Enfim, todos os eventos evocativos do problema são importantes, como se disse, mas não podemos ficar apenas e só por eles. Se assim for não teremos muito mais do que o ritual anual, o tal descargo de consciência colectiva. Os discursos muito bem-intencionados sobre o que deve ser a ética e a integridade na sociedade e na vida pública, quais são os efeitos da corrupção e ficarmos todos tranquilamente satisfeitos até ao próximo ano, para nos voltarmos a encontrar novamente com discursos semelhantes sem que entretanto pouco ou nada se altere relativamente ao concreto do problema.

É verdade que está em fase de apresentação pelo Governo a denominada Estratégia Nacional de Combate à Corrupção 2020-2024, documento que assume, como creio nenhum outro o tenha alcançado anteriormente, um abrangente e interessante conjunto de propostas no âmbito da prevenção e da repressão da corrupção.

Ao nível preventivo, e em traços gerais, assumem-se medidas relativamente a vertentes tão importantes como a educação para a cidadania, a formação dos dirigentes e demais servidores públicos sobre as componentes da ética e da integridade no serviço público, o aprofundamento dos instrumentos de prevenção de riscos nas entidades do sector público e o seu alargamento às entidades do sector privado, bem assim como a realização de estudos com um carácter mais transversal sobre o fenómeno, como tem sido sugerido pelo Observatório de Economia e Gestão de Fraude e que vimos neste espaço em “Corrupção em Portugal - conhecer melhor para controlar mais”.

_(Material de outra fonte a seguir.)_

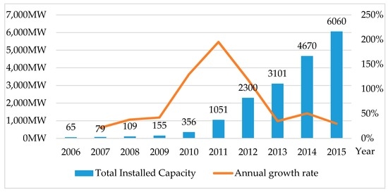 Installed capacity of distributed photovoltaic in China from 2006 to 2015 (official statistics from NEA (National Energy Administration)).

A nível repressivo, são de destacar o aprofundamento da cooperação entre as entidades com funções de controlo da gestão pública, uma gestão mais eficaz e eficiente dos procedimentos criminais, incluindo nos mecanismos de reporte e denúncia, e também de uma maior efectividade da cooperação internacional.

Mas por muito boas que sejam as medidas – e ainda importa saber como serão concretizadas no plano normativo –, se os cidadãos não se envolverem nesta questão que a todos interessa, o mais provável será que nos próximos anos continuemos ao dia 9 de Dezembro a criticar a ineficácia das medidas existentes e a falta de vontade para resolver o problema.

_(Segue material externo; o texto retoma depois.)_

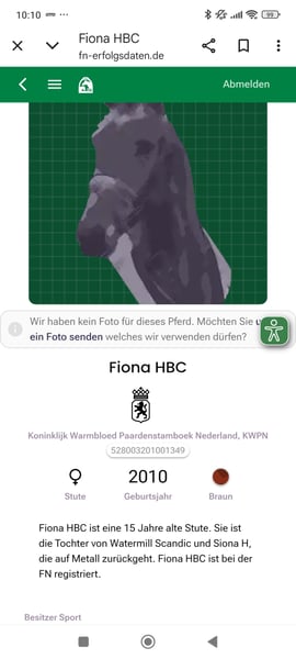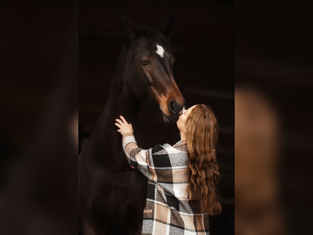 People-oriented and intelligent, affectionate and friendly. Very attached to humans. Due to ossification on the neck ligament, no longer suitable for dressage riding. Suitable for trail riding but requires a confident handler. Forms a strong bond with her person and loves them deeply. Only available as a companion horse. We see her as an ideal partner for circense and groundwork. Learns extremely quickly and always wants to please. Not suitable for stall confinement alone. Not suitable for beginners or riding schools. Also suitable for breeding. Daughter of Olympic champion Scandic. With a heavy heart, offered to loving hands.

Claro que as medidas, que nunca serão perfeitas, devem ser realistas e ajustadas à realidade do problema (daí a importância dos estudos tendentes ao seu conhecimento) e as instâncias com funções de controlo (preventivo e repressivo) devem dispor dos meios (humanos, formativos e técnicos) adequado às missões que lhes sejam confiadas. Mas o envolvimento dos cidadãos é fundamental.

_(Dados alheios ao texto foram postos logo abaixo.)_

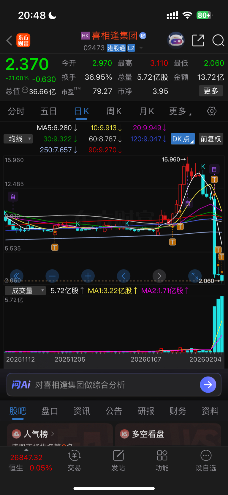 $喜相逢集团(HK|02473)$ 亏发了,只做t,没卖,从高点下来亏了几十个点

E o que se espera dos cidadãos?

O que se espera afinal de cada um de nós é muito simples e pode resumir-se em três ideias fundamentais:

  • Sermos exemplos cada vez melhores de responsabilidade e de integridade;
  • Exigirmos responsavelmente dos outros esses mesmos índices de integridade e não compactuar com situações obscuras ou menos claras neste plano;
  • Denunciarmos às instâncias competentes as situações de que tenhamos conhecimento relativamente a ocorrências de menor ética e integridade praticadas por terceiros 

A finalizar, ocorre-me aquela estória em que alguém prefere um relógio que não funcione a um que esteja atrasado, com o argumento de que, por estar parado, oferece ao menos a certeza de marcar as horas correctamente em dois momentos do dia.

Eu, por mim, não quereria nenhum dos dois.

Votos de um Feliz Natal e que 2021 seja para todos um ano melhor do que o que agora terminamos!